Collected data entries

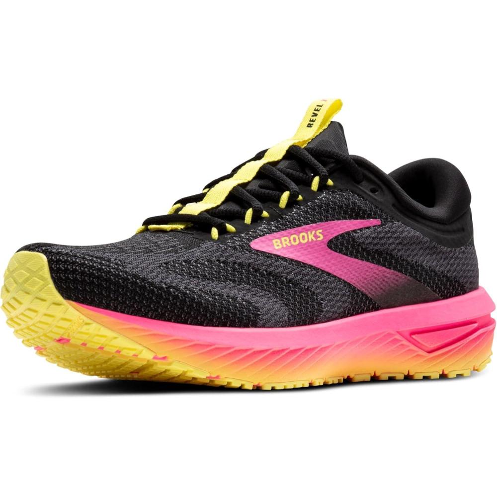 imageBrooks Womens Revel 7 Neutral Running ShoeBlackPinkLemon Tonic
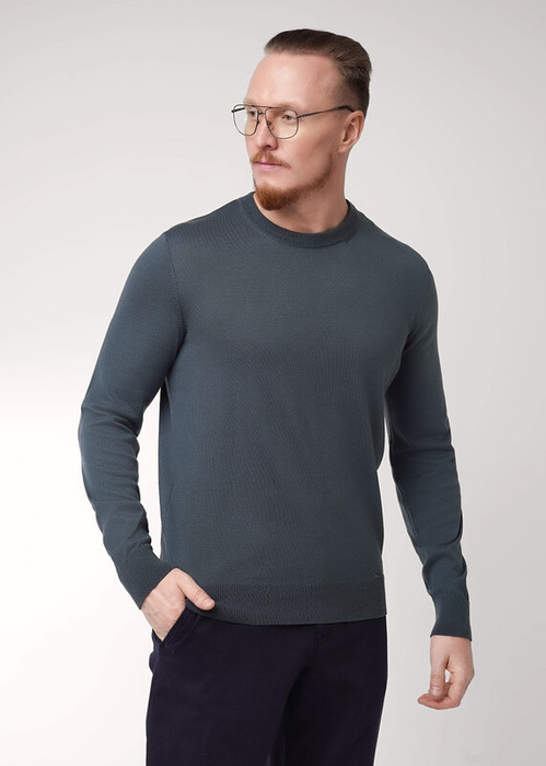 Классический вязаный джемпер с круглой горловиной. Изделие изготовлено из смесовой пряжи с содержанием хлопка. Данный джемпер удачно впишется в повседневный гардероб современного мужчины, привнося тепло, комфорт и элегантность одновременно.
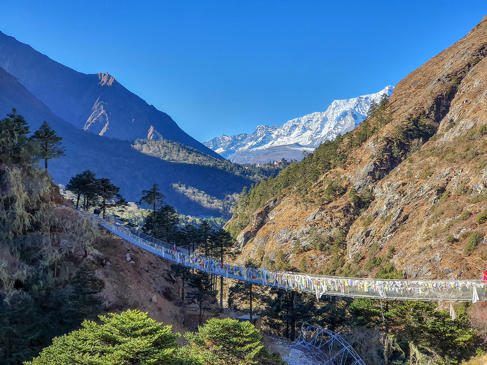 Het pad naar het ‘Dak van de Wereld’ begint met een afdaling naar de Dudh Kosi (= Melkrivier). Onderweg passeren we (het liefst linksom om een goed sonam af te dwingen!) gebedsmolens, gebedsmuren en rotsblokken die kleurig versierd zijn met spreuken en gebedsvlaggen. We overnachten in Phakding, met zijn eerste lange hangbrug over de rivier. (3 uur, 2650m)
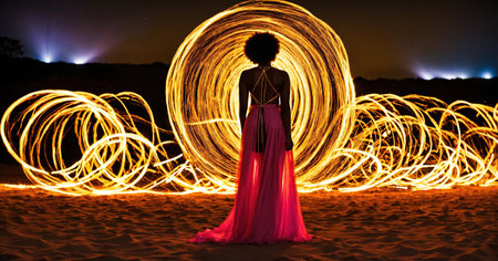 Fire dance performance truly showcases extraordinary skill, creativity, and artistry in the dark. Generative AI
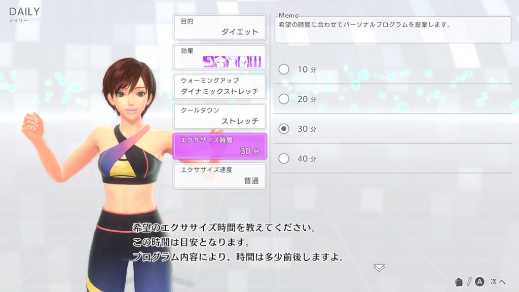 最優先はデイリーのエクササイズ時間を30分以上にすること。これはEXエクササイズの出現条件を確実に満たすためです。
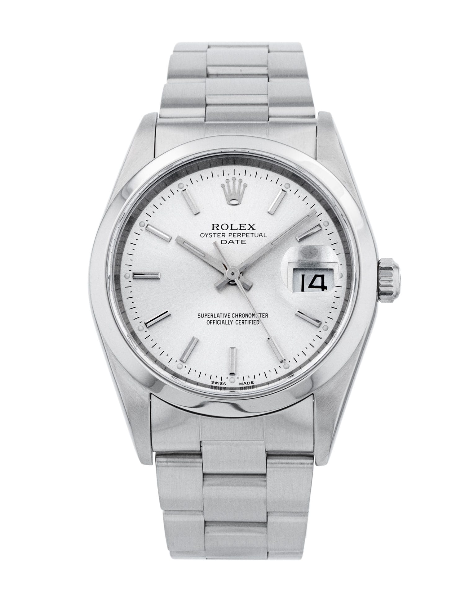 This Rolex Oyster Perpetual Date 15200 has a silver baton dial and a bracelet strap. This Rolex has undergone a thorough inspection of water resistance, accuracy, functionality and condition to determine the level of reconditioning required to meet our strict standards. It has also been referenced against technical documents and manufacturer records where available to ensure authenticity and a clean history. All our watches have a 24-month warranty for your peace of mind. One of our skilled polishing technicians has removed marks on the case and bracelet of this watch, brought about by daily wear and tear, which is why this watch does not come with the remaining manufacturer’s warranty.
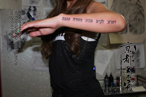 京都墨客纹身作品 女士小臂阿拉伯文字黑白纹身
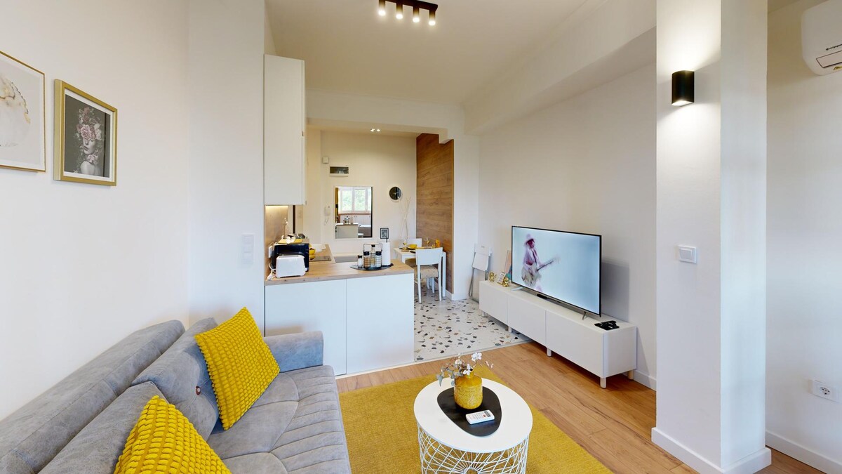 Découvrez le confort moderne dans ce loft lumineux de 51 m² près du parc Borisova gradina et du pont de l'Aigle. Profitez d'une décoration vibrante, de touches de bois et de deux lits polyvalents (90x200cm). Parfaitement situé, vous êtes à quelques pas des principales attractions de Sofia, avec un accès facile aux transports en commun. - Télévision Android rotative avec Netflix - Purificateur d'air avec filtre HEPA - Cuisine entièrement équipée - Wi-Fi haut débit (91 Mbps) - Bâtiment neuf et bien entretenu. Réservez dès maintenant pour profiter pleinement de Sofia !
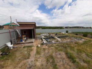 На участке установлен каркасный летний домик 4 *2.5 м., 1 комната + санузел, есть подпол.
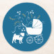 Pug Party Blue Theme Celebration Round Paper Coaster
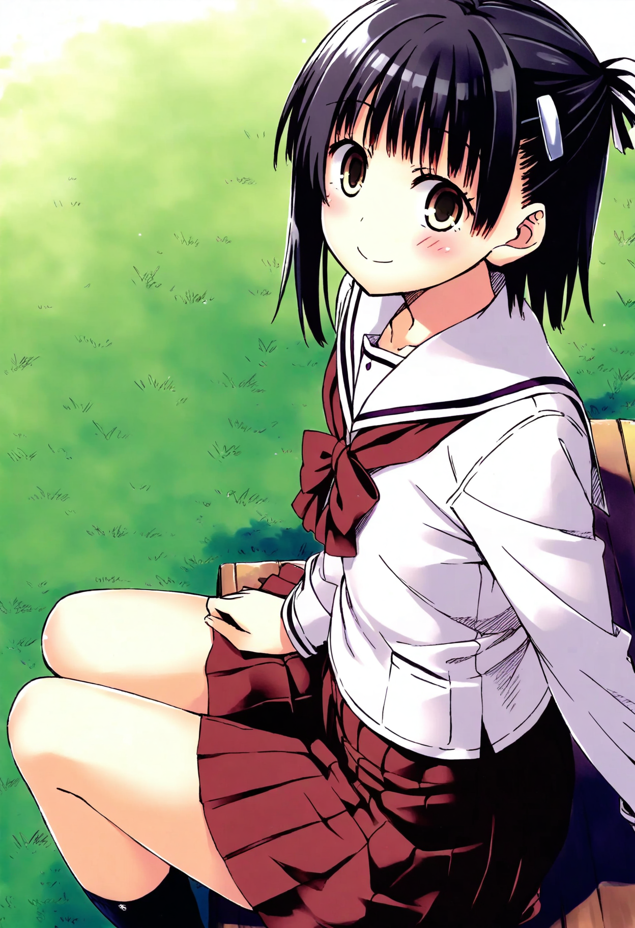 학교 유니폼, 주름 치마, 세라푸쿠, 머리 장식, 긴 소매, 양말, 신발,
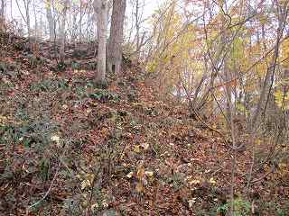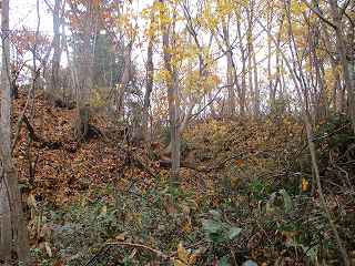 ヤブを突っ切って南側に進んで行くと、土塁が構築されていた。土塁の外側には城域を区画するこの城唯一の堀切が掘られている。ただし、深さは3mほどと、それほど規模の大きなものではない。
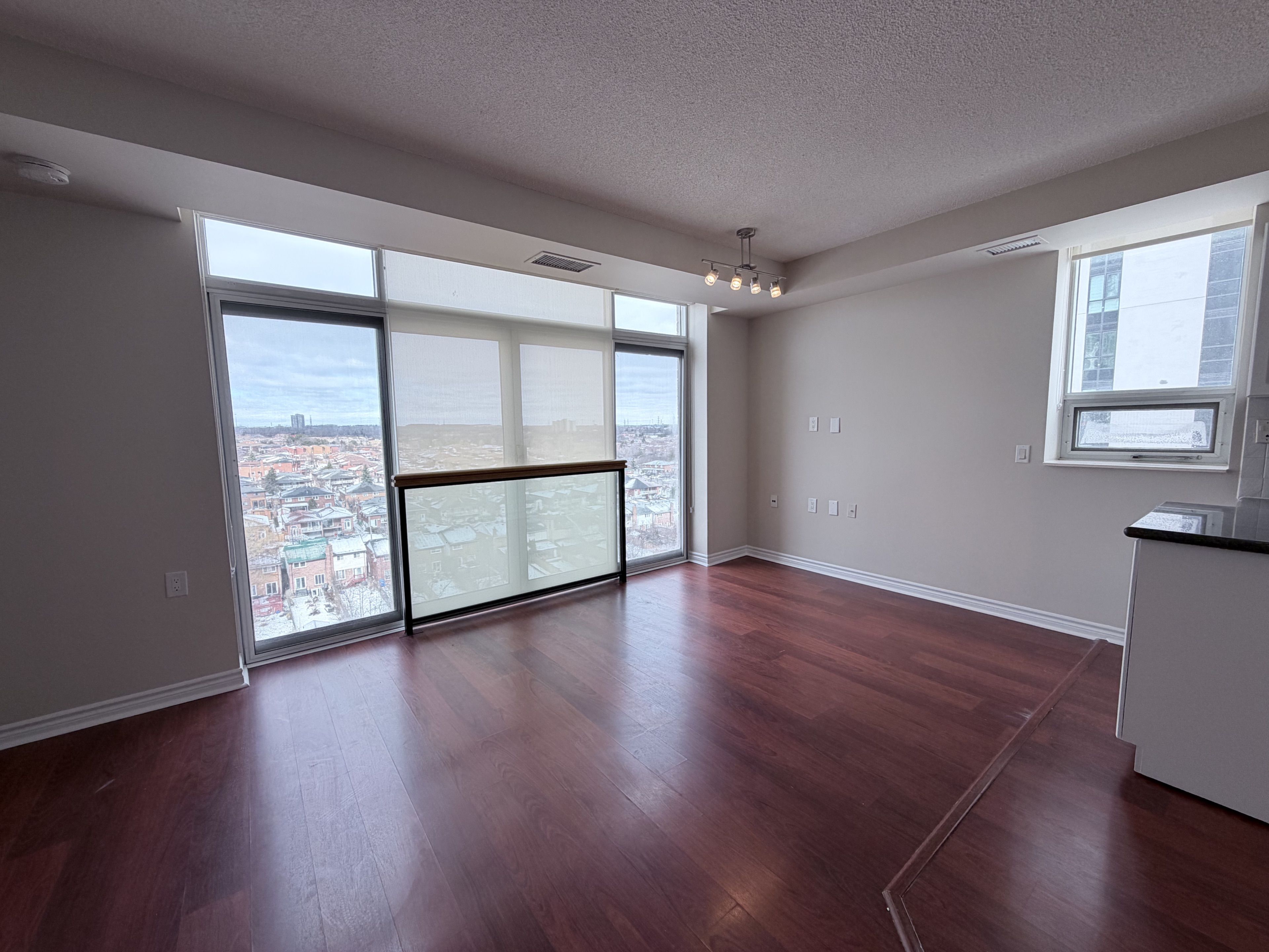 • Spacious open-concept design with panoramic city views from a corner unit.
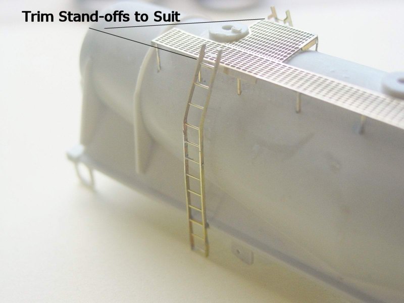 - The top pins on the ladders can be trimmed to fit, and the ladders can also be subtly bent at the kink in the stiles to assist in locating them against the walkway. The ladder opposite the landing side, can have the pins removed completely, (Refer to 5th photo at left) and the landing ladder (Refer to bottom photo at left) will need the pins trimmed down.
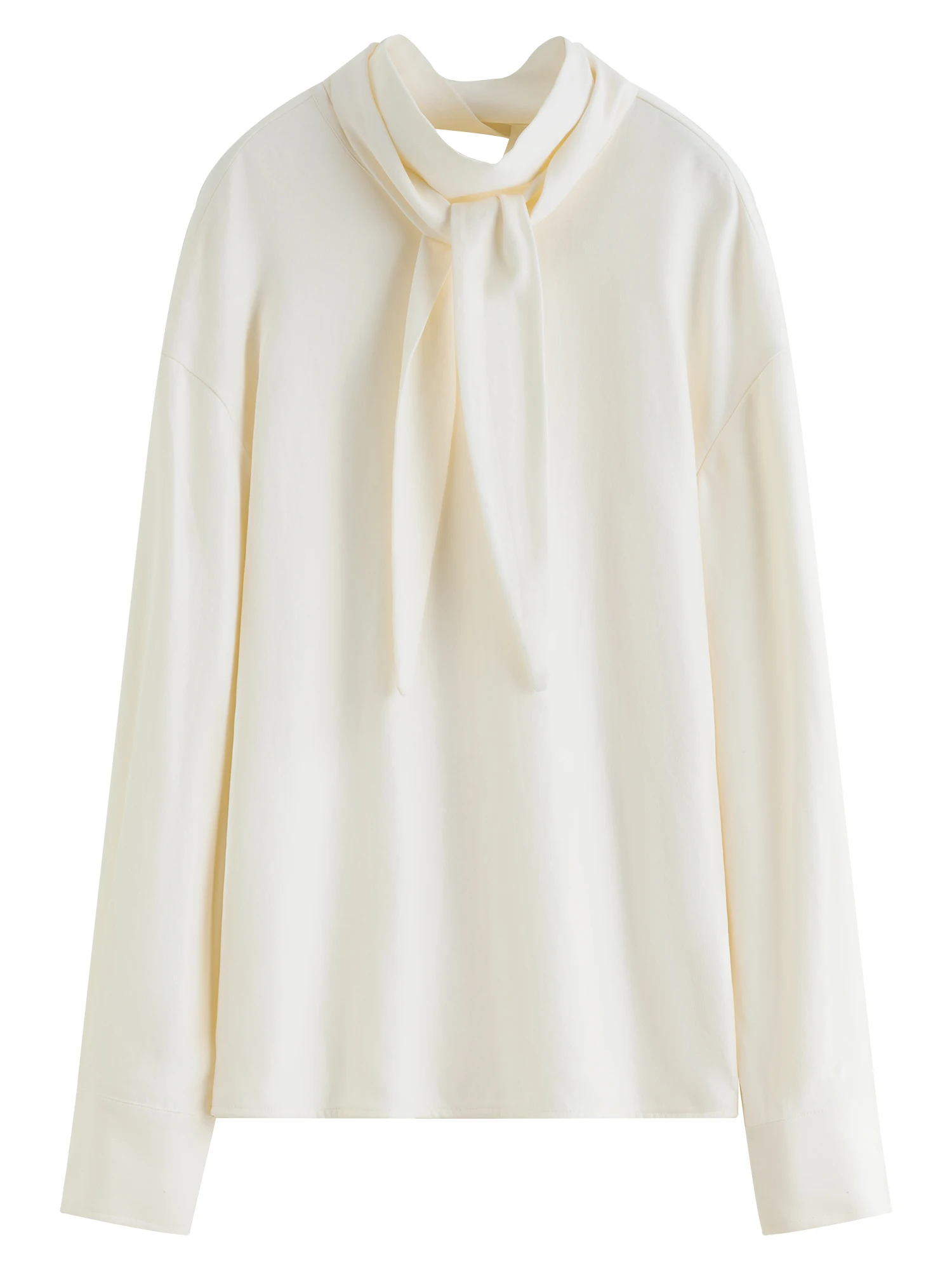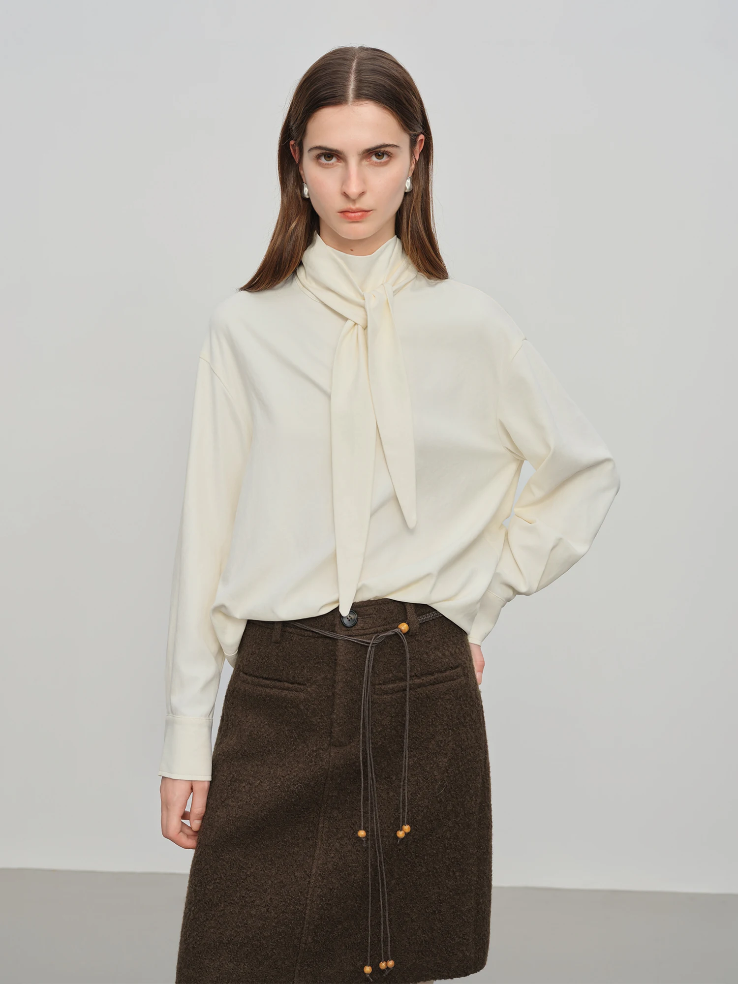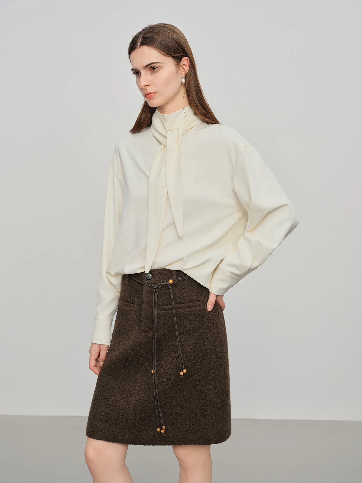 Introducing a refined addition to your autumn and winter wardrobe, this beige pullover blouse balances classic design with delicate detailing. Crafted from a blend of 51.8% polyester fiber and 48.2% polyester/polyamide composite fiber, the fabric offers a broadcloth texture with a subtle stretch, ensuring both comfort and a gentle drape. The blouse features a unique ribbon detail alongside an irregular hollow design, lending understated visual interest without overwhelming the minimalist silhouette.
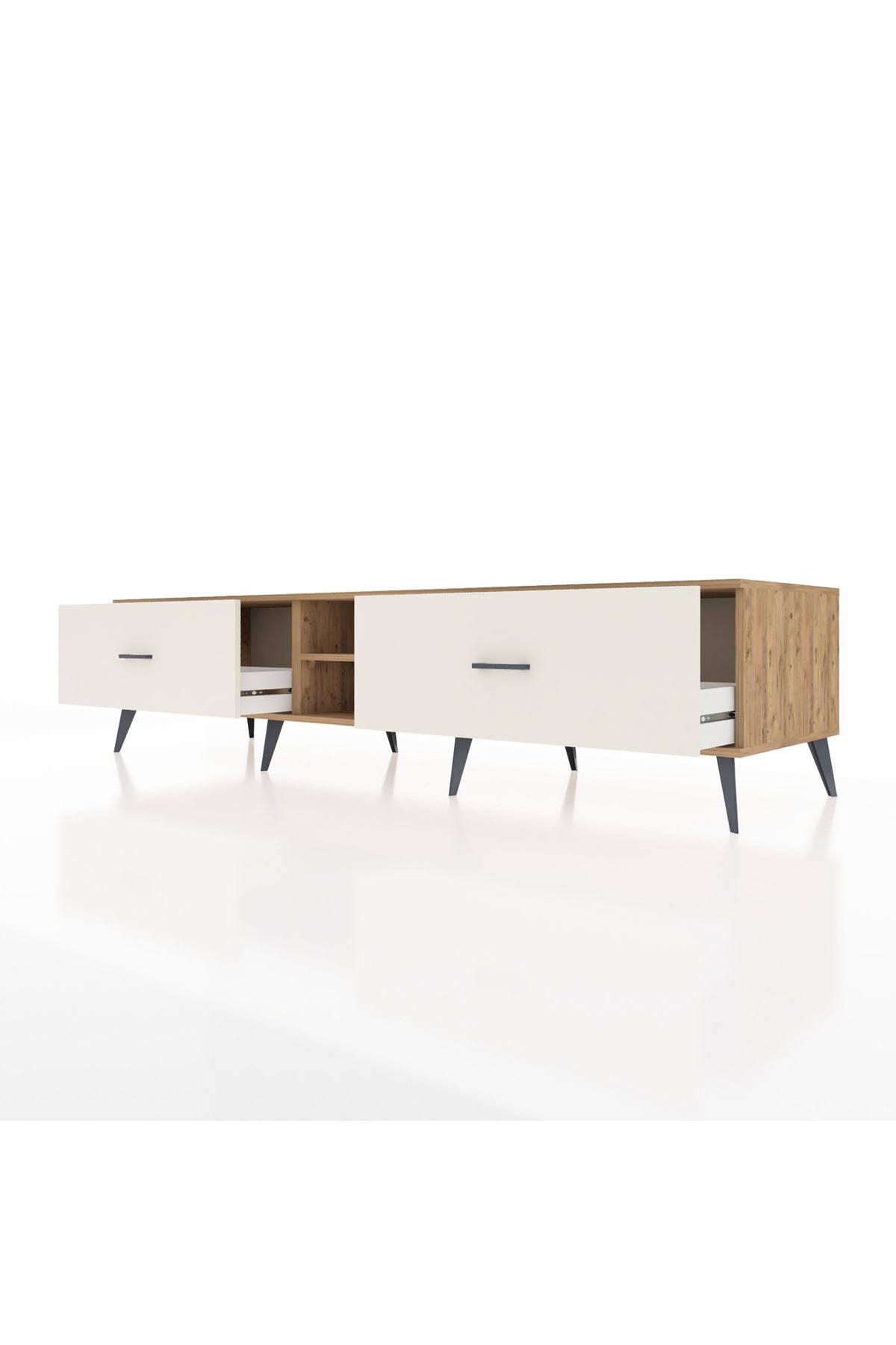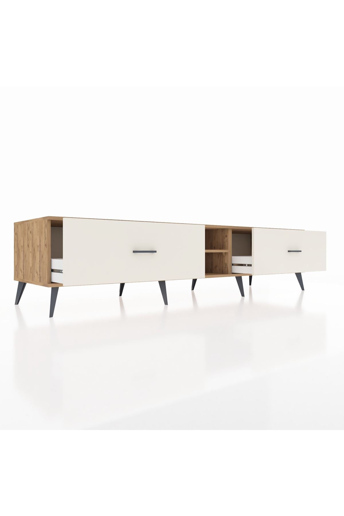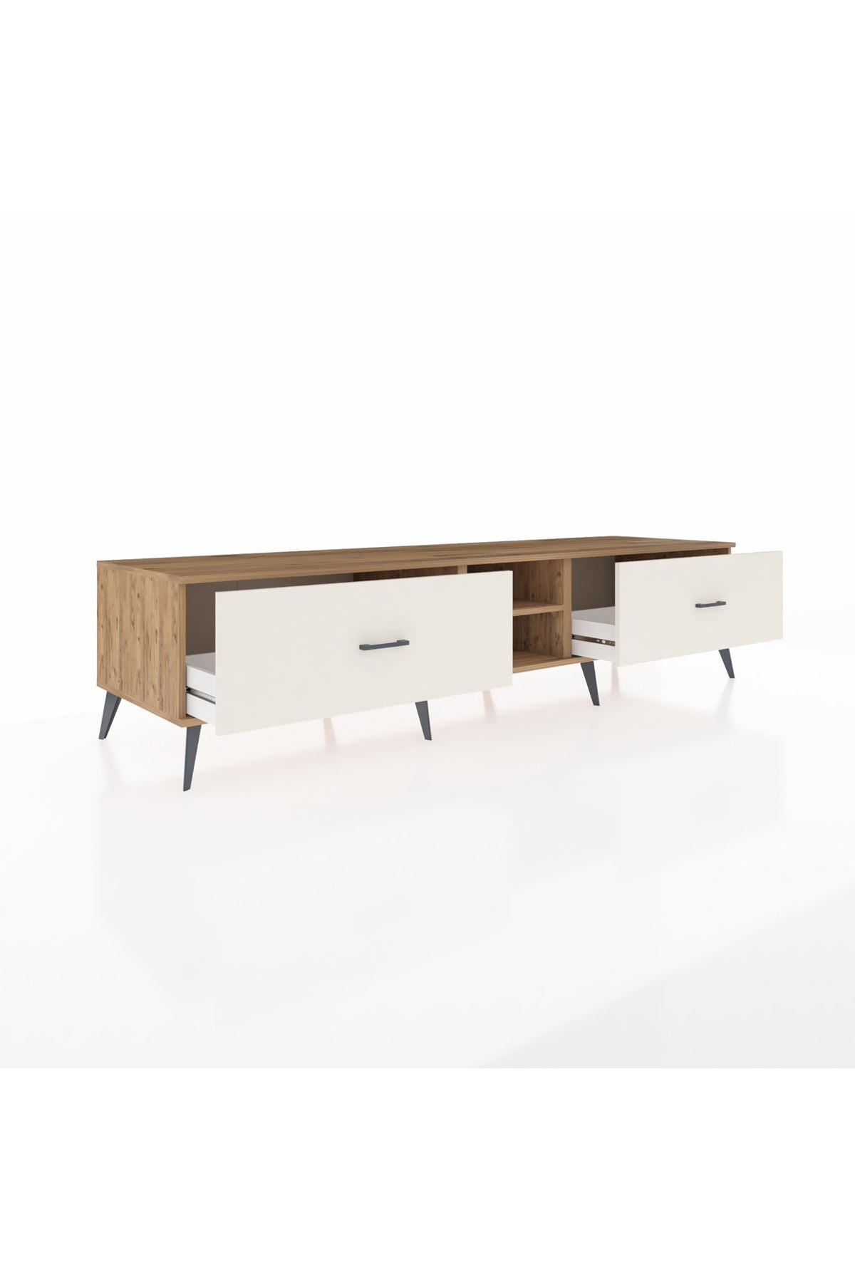 🦾 Metal ayakları sayesinde robot süpürge kullanımına uygun yüksekliğe sahip olan bu TV ünitesi, aynı zamanda metal kulplarıyla da şıklığı tamamlıyor. Sağlam yapısıyla yıllara meydan okur.

EXERCISE AIM: What is needed is an exact copy of only the lines above from the one with "Pug Party Blue" to the one with "a corner unit.", both kept, with every picture left out.

WRITTEN ANSWER:
 Pug Party Blue Theme Celebration Round Paper Coaster
 학교 유니폼, 주름 치마, 세라푸쿠, 머리 장식, 긴 소매, 양말, 신발,
 ヤブを突っ切って南側に進んで行くと、土塁が構築されていた。土塁の外側には城域を区画するこの城唯一の堀切が掘られている。ただし、深さは3mほどと、それほど規模の大きなものではない。
 • Spacious open-concept design with panoramic city views from a corner unit.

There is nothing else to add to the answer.